##### Source material #####

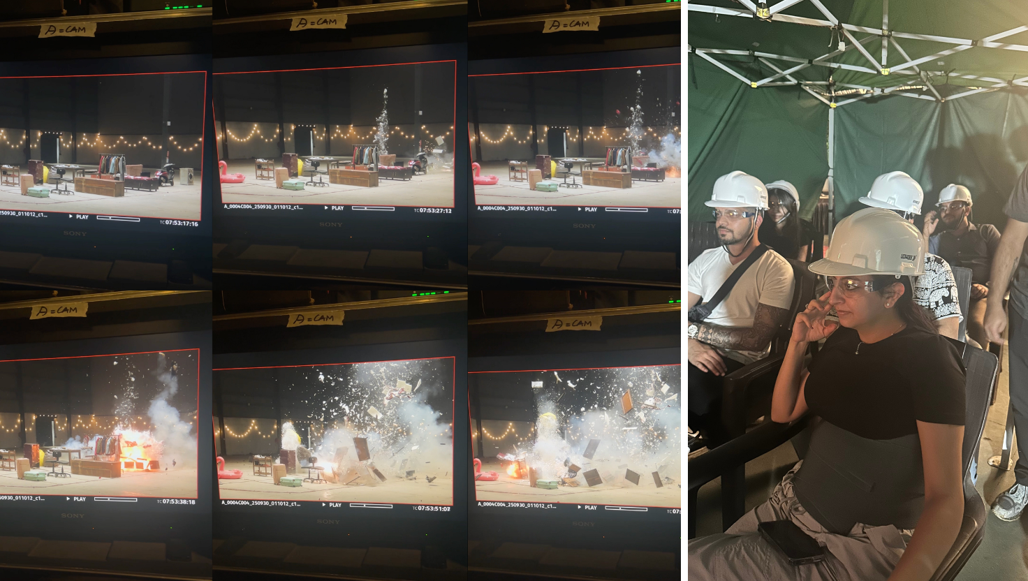 “The explosion scene was a bit chaotic at first,” Neville says. Originally shot on farmland, the entire field was a washout when it unexpectedly rained. “The explosives got damp, and the shots weren’t as dramatic as we’d hoped. So, we ended up reshooting indoors to get it exactly how we envisioned it.”
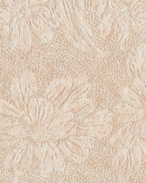 Fylliga penseldrag i blomteckningen och en ymnig asymmetrisk vegetation på en ovanlig men välfungerande putsimitation.
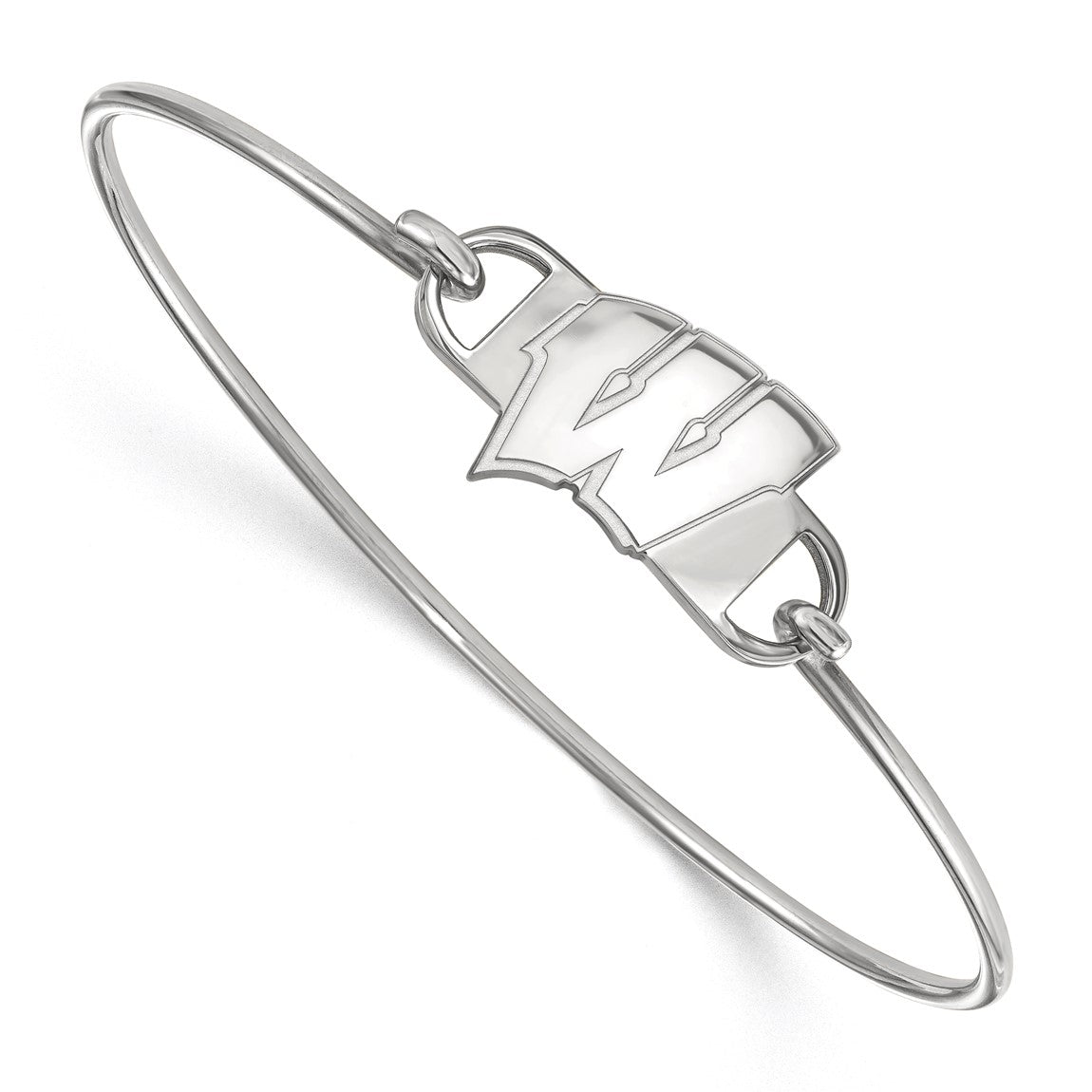 Sterling Silver Rhodium-plated LogoArt University of Wisconsin Letter W Small Center 7 inch Wire Bangle Bracelet

#####

-- Aim of the exercise --
When you copy the data above, keep each line exact and omit the pictures.

-- Answer to this problem --
 “The explosion scene was a bit chaotic at first,” Neville says. Originally shot on farmland, the entire field was a washout when it unexpectedly rained. “The explosives got damp, and the shots weren’t as dramatic as we’d hoped. So, we ended up reshooting indoors to get it exactly how we envisioned it.”
 Fylliga penseldrag i blomteckningen och en ymnig asymmetrisk vegetation på en ovanlig men välfungerande putsimitation.
 Sterling Silver Rhodium-plated LogoArt University of Wisconsin Letter W Small Center 7 inch Wire Bangle Bracelet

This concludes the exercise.